Они не спрашивали ни о чем. Сразу же понадевали маски и принялись очищать туннели от грибницы. Были настолько испуганы образом жестокой смерти, что позабыли обо всем прочем. Даже об исчезновении Белого и половины его гвардии. Учитель был уверен, что нынче никто и не вспомнит о судьбе предводителя. А завтра он и его сын уже будут далеко отсюда.
Он не хотел покидать анклав в тот же вечер. Немой устал от беготни по туннелям, которой они занимались день напролет, да и ему пригодился бы отдых перед очередным, еще более трудным этапом их похода. Кроме того, сейчас, будучи уверенным, что Белый не вернется, он уже мог не спешить.
Подавая пример уцелевшим, он, вместе с сыном и остальными ремесленниками, принялся сдирать всю грибницу, которая нашлась в промышленном районе. Закончив дело, они оба попрощались с ремесленниками, помылись, съели сытный ужин и, проверив в десятый раз вещи, легли спать. Немой, как с ним бывало, нырнул в сон моментально и ритмично засопел, едва закрыв глаза. У отца его было куда больше проблем со сном. Он долго лежал на спине с руками под головой, таращась в едва видную крышу. Несмотря на поздний час, издали все еще доносились обрывки громких бесед и звуки чистки стен. Он раздумывал над убитыми сегодня людьми. За несколько часов он лишил жизни восьмерых. Да при том не каких-то чужаков, чьи лица можно позабыть, едва лишь сойдет адреналин. Каждый из парней, погибших в Слепой Ветке, когда-то был его учеником. Каждый из них просиживал часами всего-то в нескольких шагах от того места, где он теперь пытался заснуть, тщетно стараясь выбросить этих людей из головы. Верно, он убил их, защищаясь, но это нисколько не уменьшало чувство вины. Пощади он альбиноса, мог бы сделать его заложником и приказать остальным бросить оружие и уматывать куда подальше… может, это спасло бы дуракам жизнь, но ведь наверняка не решило бы проблему. Они даже тогда продолжили бы на него охотиться. Поскольку тогда они лишились бы всех привилегий, которые получили, став приспешниками Белого. А этого ни Дрого, ни Декстер никогда бы ему не простили. Кроме того, Помнящий не смог бы вернуться в анклав. Им с Немым пришлось бы убегать в Запретную Зону, прямо в наполненные токсином туннели.
Убийство гвардейцев было необходимостью, — уговаривал он себя раз за разом.

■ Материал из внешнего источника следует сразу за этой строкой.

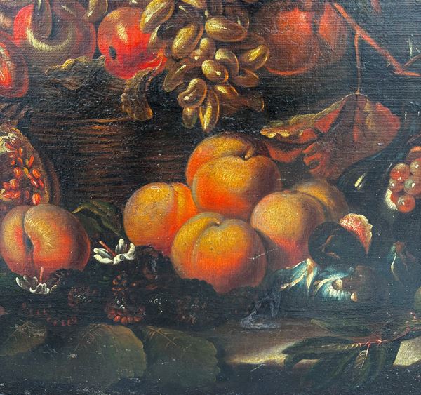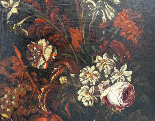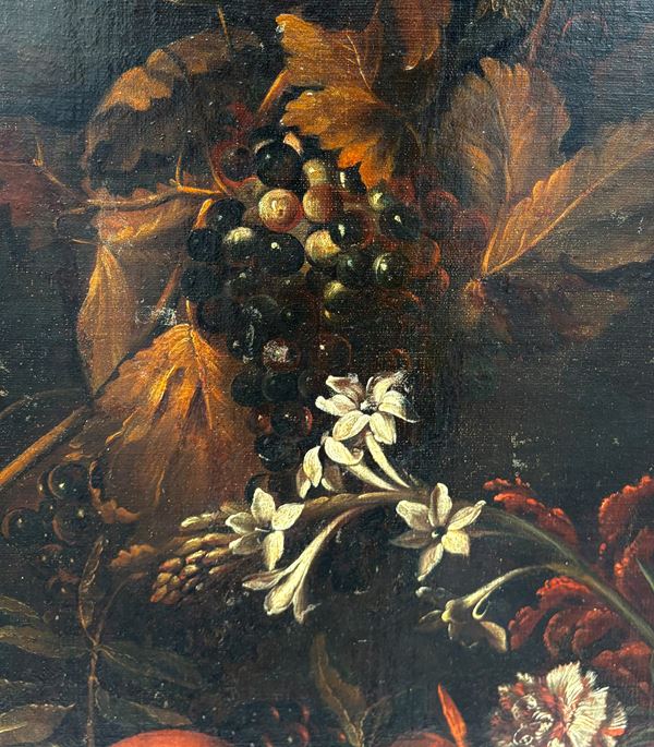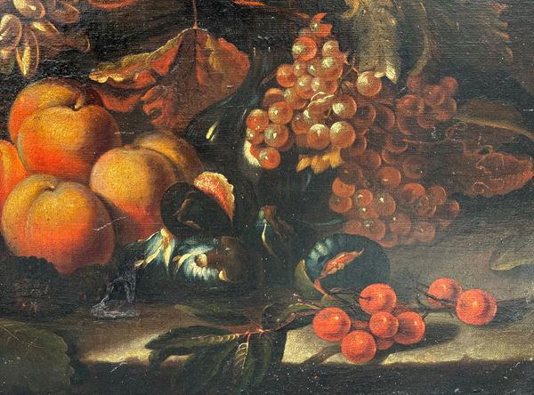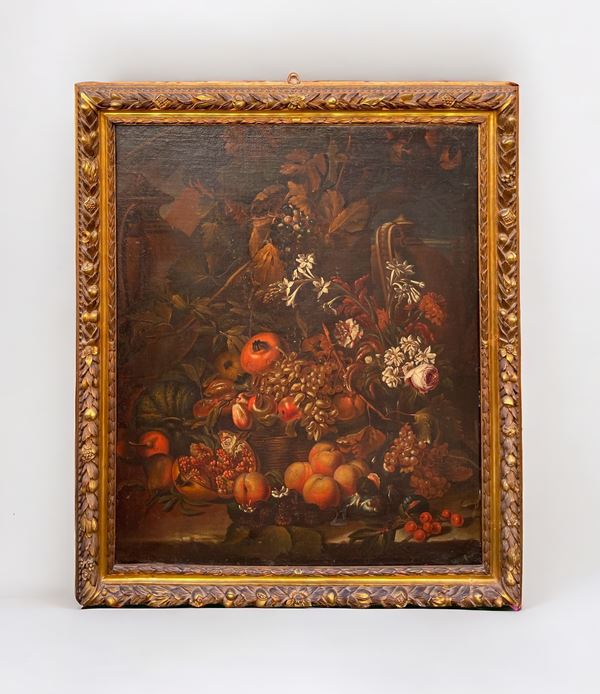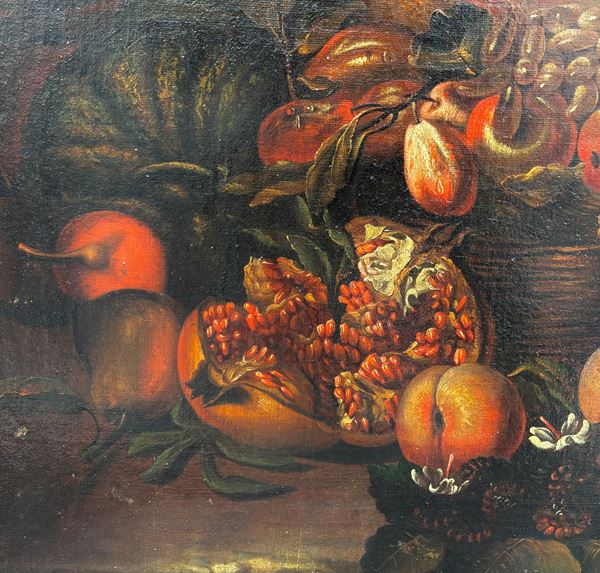 Natura morta con frutti (melograni, pesche, uva, ciliegie e fichi), fiori di sambuco, gigli, zannie rosse, rosa e verdure, Scuola napoletana, seconda metà XVII secolo
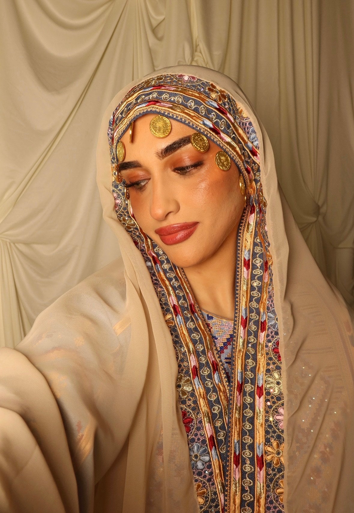 The Mona Headpiece features exquisite replica coins that bring a touch of elegance and tradition to any outfit. Designed to pair beautifully with all our thobes this piece completes your look with timeless charm.
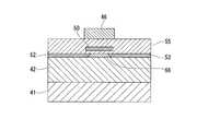 図5は、制御電極46とリング型光導波路50とを含むリング型波長可変フィルタの断面構造を示す。シリコン基板41上に埋め込みシリコン酸化膜42が形成されており、更に、SOI層に不純物ドープして形成したソース領域52及びドレイン領域53が形成されている。ソース領域52とドレイン領域53との間にはチャンネル領域66が形成されており、チャンネル領域66の上方において上部クラッド層55の下側を介して電気的に浮遊したリング型光導波路50が形成されている。また、リング型光導波路50の上方において上部クラッド層55の上側を介して制御電極6が配置されている。リング型光導波路50及びストライプ状光導波路45、49によりリング共振器が構成される。FIG. 5 shows a cross-sectional structure of a ring-type wavelength tunable filter including thecontrol electrode 46 and the ring-typeoptical waveguide 50. A buriedsilicon oxide film 42 is formed on thesilicon substrate 41, and further, asource region 52 and adrain region 53 formed by doping impurities into the SOI layer are formed. Achannel region 66 is formed between thesource region 52 and thedrain region 53, and a ring-typeoptical waveguide 50 that is electrically floating via the lower side of theupper cladding layer 55 is formed above thechannel region 66. ing. Further, thecontrol electrode 6 is disposed above the ring typeoptical waveguide 50 via the upper side of the upper cladlayer 55. The ringoptical waveguide 50 and the stripedoptical waveguides 45 and 49 constitute a ring resonator.
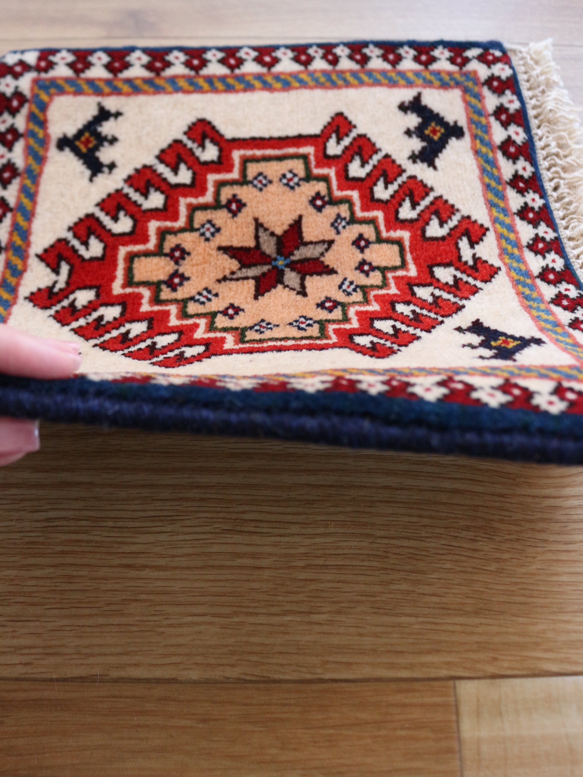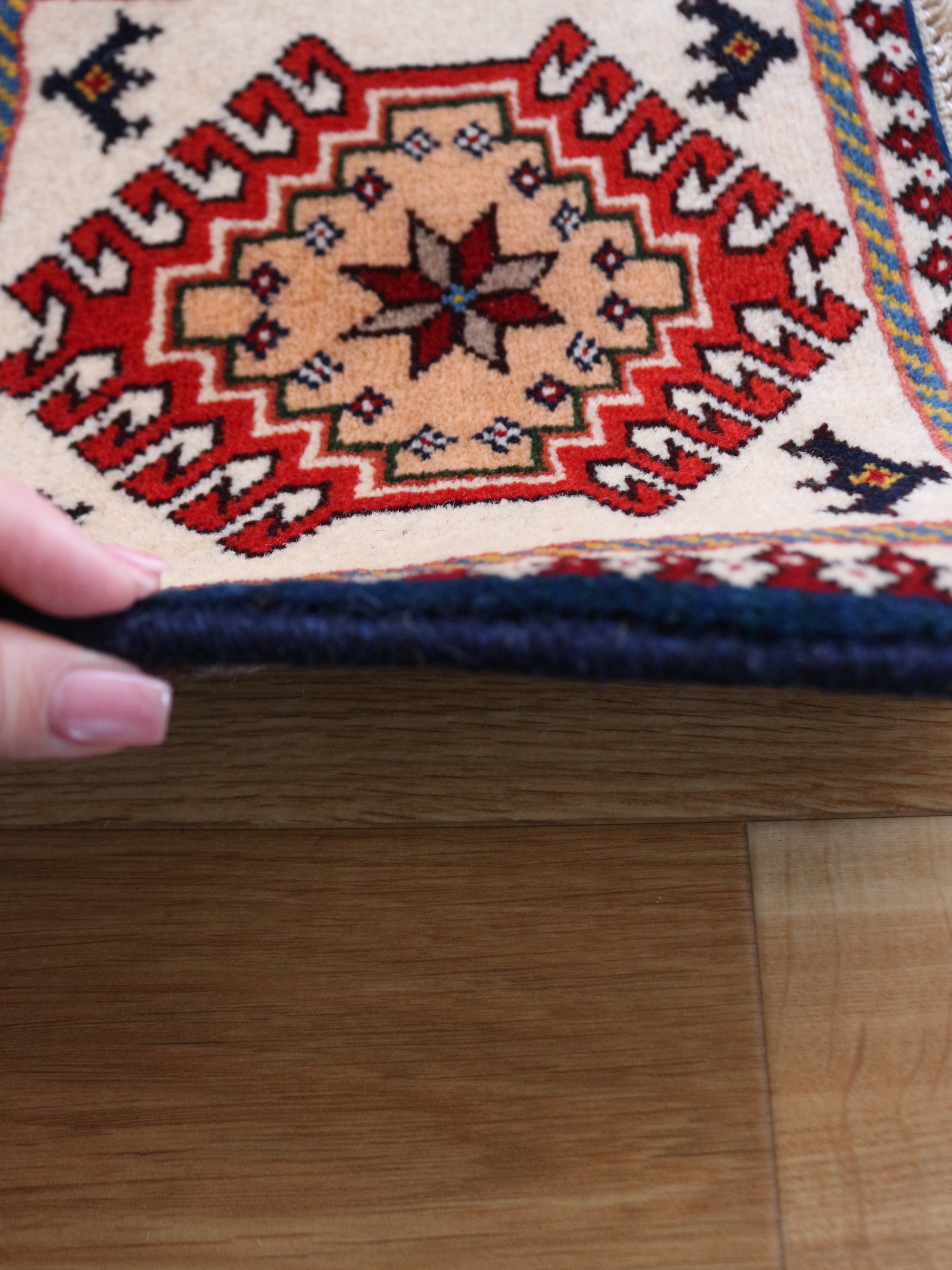 機械でなく人の手でおられているため、デザインの直線が曲がっていたり、網目の細やかさにバラつきがでて、歪んでいたり、曲がっていたりと1枚1枚に個性があります。不良品ではなく絨毯の味であると捉えていただければ幸いです。
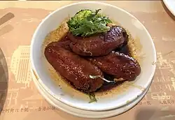 Swiss wing (traditional Chinese: 瑞士雞翼; simplified Chinese: 瑞士鸡翼; Jyutping: seoi6 si6 gai1 jik6) is a kind of sweet soy sauce-flavored chicken wings served in some restaurants in Hong Kong.[1] It is marinated in sauce made up of soy sauce, sugar, Chinese wine, and spices. Despite the name "Swiss", it is unrelated to Switzerland. Instead, it is believed to have originated in either Hong Kong or Guangzhou.[2]
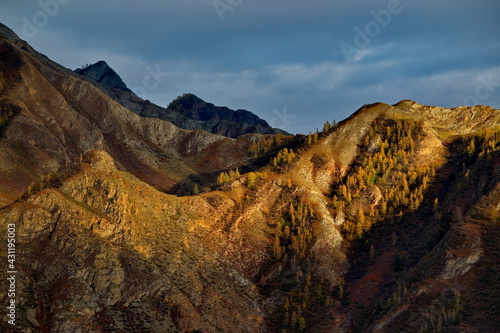 © Александр Катаржин, Fototapeta premium Russia. Mountain Altai. Expressive graphics of autumn sunlight on the rocks of mountain ranges.

Уничтожения альбиноса было не избежать. Но отравление кузнеца… это совсем другое дело. Умирающий в Слепой Ветке Лютик — топором в живот получил именно он — пел как по нотам, надеясь на милосердие. Не знал, дурак, что дни его — вернее, минуты — и так сочтены. От таких ран еще никто не выживал, даже во времена, когда существовали настоящие госпитали. Сорвать маску с его лица, после того как он замолчал, было актом милосердия, а не жестокости.
Но, прежде чем это случилось, парень рассказал обо всем, что произошло тем утром. Когда Помнящий вышел на поверхность, Лютика вызвали в зал приемов, и вместе с остальными гвардейцами он пошел со своим шефом в кузницу. Там он стал невольным свидетелем разговора альбиноса с кузнецом. Если верить его докладу, а борясь за жизнь, он наверняка не врал, Станнис с самого начала подзуживал Белого — и именно он был главным и единственным автором идеи использовать несчастный случай с Ловкачкой для окончательной расправы с Учителем. И именно он рассказал альбиносу о пути, которым должны были эвакуироваться Помнящий и его сын.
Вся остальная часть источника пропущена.